発祥は古代と推定される能登上布。能登部地区を中心に昭和3年には25万8千反の生産量を誇っていましたが、合成繊維の登場で昭和35年頃には1万2千反にまで減ってしまいました。
石川県の無形文化財にも指定され生活の必需品から伝統工芸となりましたが、能登上布はその技の追及や道具の開発など先人の苦労によって築かれてきた稀有なる織物です。
その技を伝承し、絶やさないためにと地元の女性十数名が能登上布会館で昔ながらの技法で手織りしています。そして上布の販売や作業の見学、機織り体験のお世話もしています。その中の一人、花澤久子さんにお話を伺いました。
好きだからこそ
大正生まれの花澤さんは子どもの頃から能登上布と共に人生を歩んで来た第一人者です。
昭和15年頃は仕事が無い時代で、能登部地区を中心に後山、矢駄、木津辺りまで、多くの農家が内職で機織りをしており、織元から男衆が自転車で各家まで糸を届けたそうです。家では朝の4時、5時から織っていたと言います。

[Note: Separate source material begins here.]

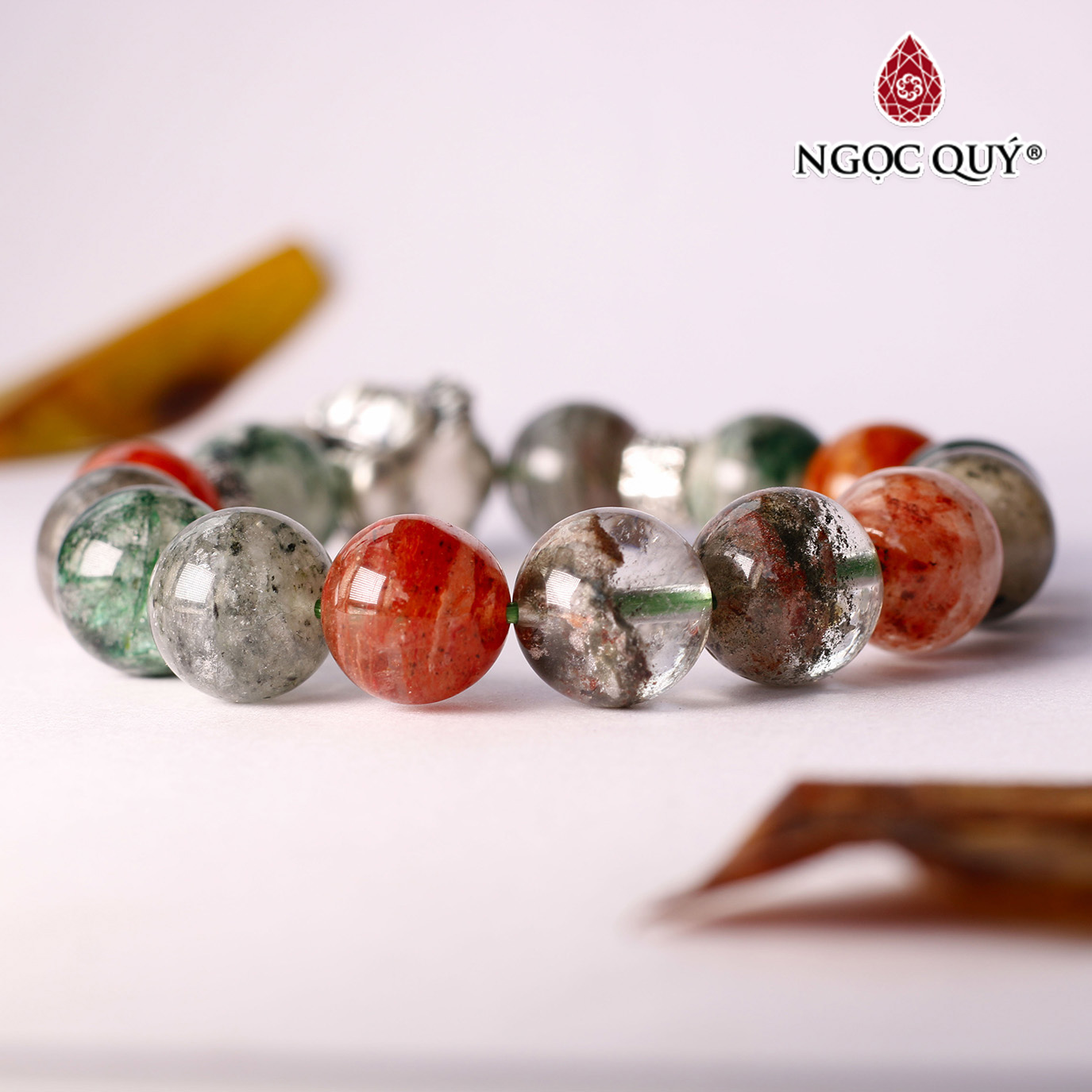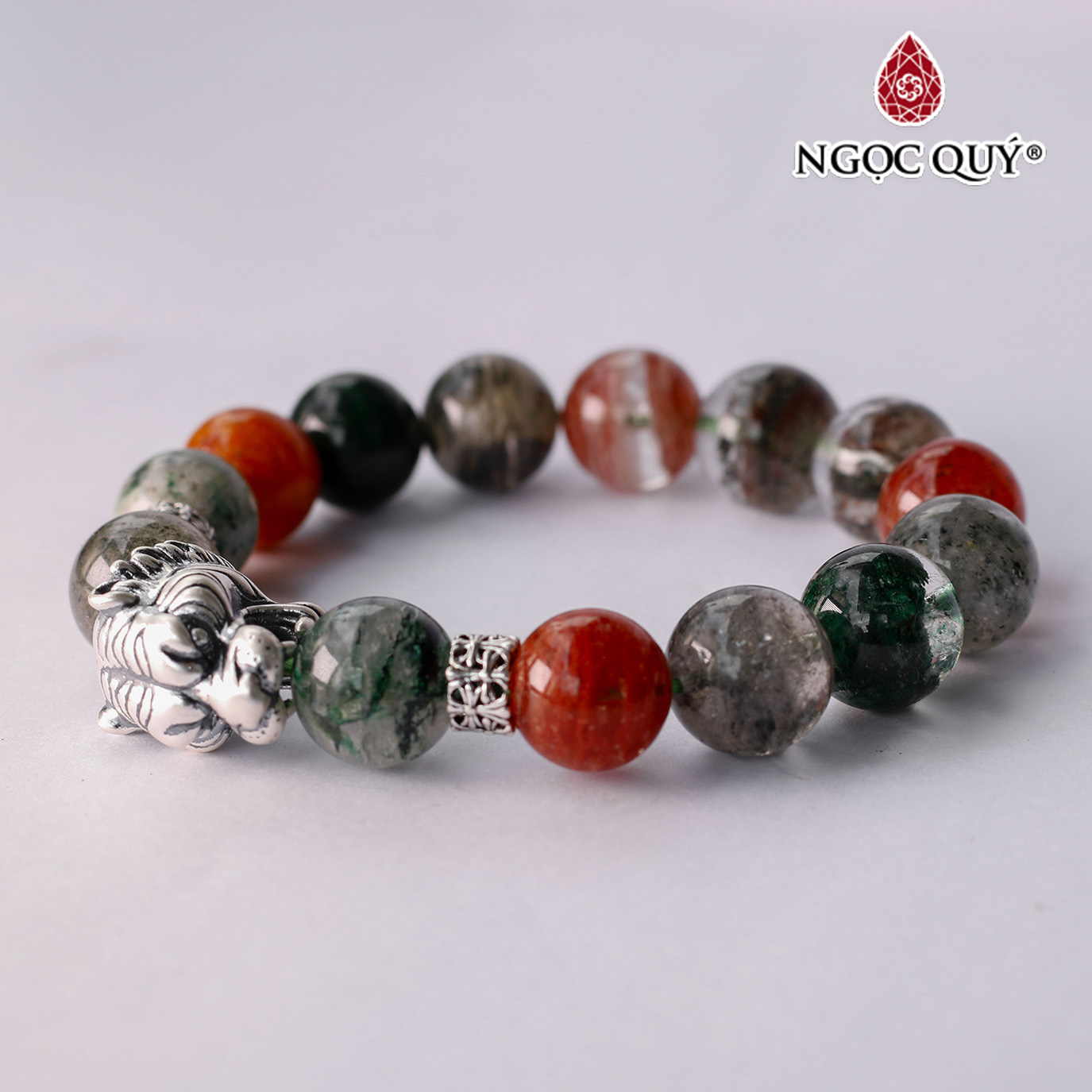 Vòng tay đá thạch anh ưu linh xanh phối charm hạt 12mm - Hợp Mệnh Mộc & Hỏa [ Ngọc Quý ]

子どもは学校へ出かける前に管巻きの手伝いをしました。
能登上布はとても手の込んだ下仕事を要します。麻糸を糸繰りし、緯糸と経糸を整経し、染め、乾燥、蒸しなどなんと20もの工程を経てやっと手織りにかかれます。それらの工程を織元の親方が采配し皆で分担します。親方は工程の担当者が休んだ時は代役に必ず花澤さんを指名したそうです。
いきなり言われて「そんなん出来ん」と言うと、「人がやれていること、なんで出来ん!」と言われながらも「手の皮が剥れ、手がカチャカチャになるほど、なんもかも習った」と述懐する花澤さん。
そうして全部の下仕事を経験して来た花澤さんは、「ひとつ、ひとつ覚えさせてもらった、それがご縁やった。親方が見込んで、仕込んでくれたお陰で今がある」と話します。そんな花澤さんの「能登上布はそんなに容易いものでは無いんや」という言葉にズシリと重みを感じます。それでもここまで続けて来たのは「やっぱり能登上布が好きやったんやね」と笑顔で話してくれました。
凄技
上布とは麻織物の中でも特に上質なものです。肌ざわりが良く夏の着物として重宝され、お盆には旦那様や奥様は上布の着物でお墓参りをしたと言います。
内職をしている家では、くず糸を拾って普段着用に織りましたが縞(しま)しか出来ません。絣(かすり)は柄(図案)が決まっているので、生地になった時にその柄になるように前もって糸を染めて織るのです。
花澤さんは、絣は伸びない糸を使っているが、どうかすると緩みがきてその調整が難しく、今はもう大きい柄の上布を織れる人はいないと言います。花澤さんがかつて仕上げたそんな逸品が能登上布会館に展示してあります。
その技の凄さは地元の織物工場の経営者が、「上布は凄い技や!ちょっと考えられん、ものすごく高度な技術なんだ」「我々に今からそれをやれと言ったら、宇宙に行けというくらいの事なんだよ」と話します。
伝承
上布を織る人がいなくなった今、大昔から続いている織物を絶やしたくないとの思いで集まる女性たち。
織りは柄さえ合わせられれば出来るようになるが、下仕事はどれも容易いことではない。弟子たちにその道理を教えなければと上布会館に足を運ぶ花澤さん。
高齢の師を仰ぎ休憩時間には和気藹々と、仕事中は黙々と手織りする女性たち。
織り姫となり、語り部となり、能登上布を繋いでいる。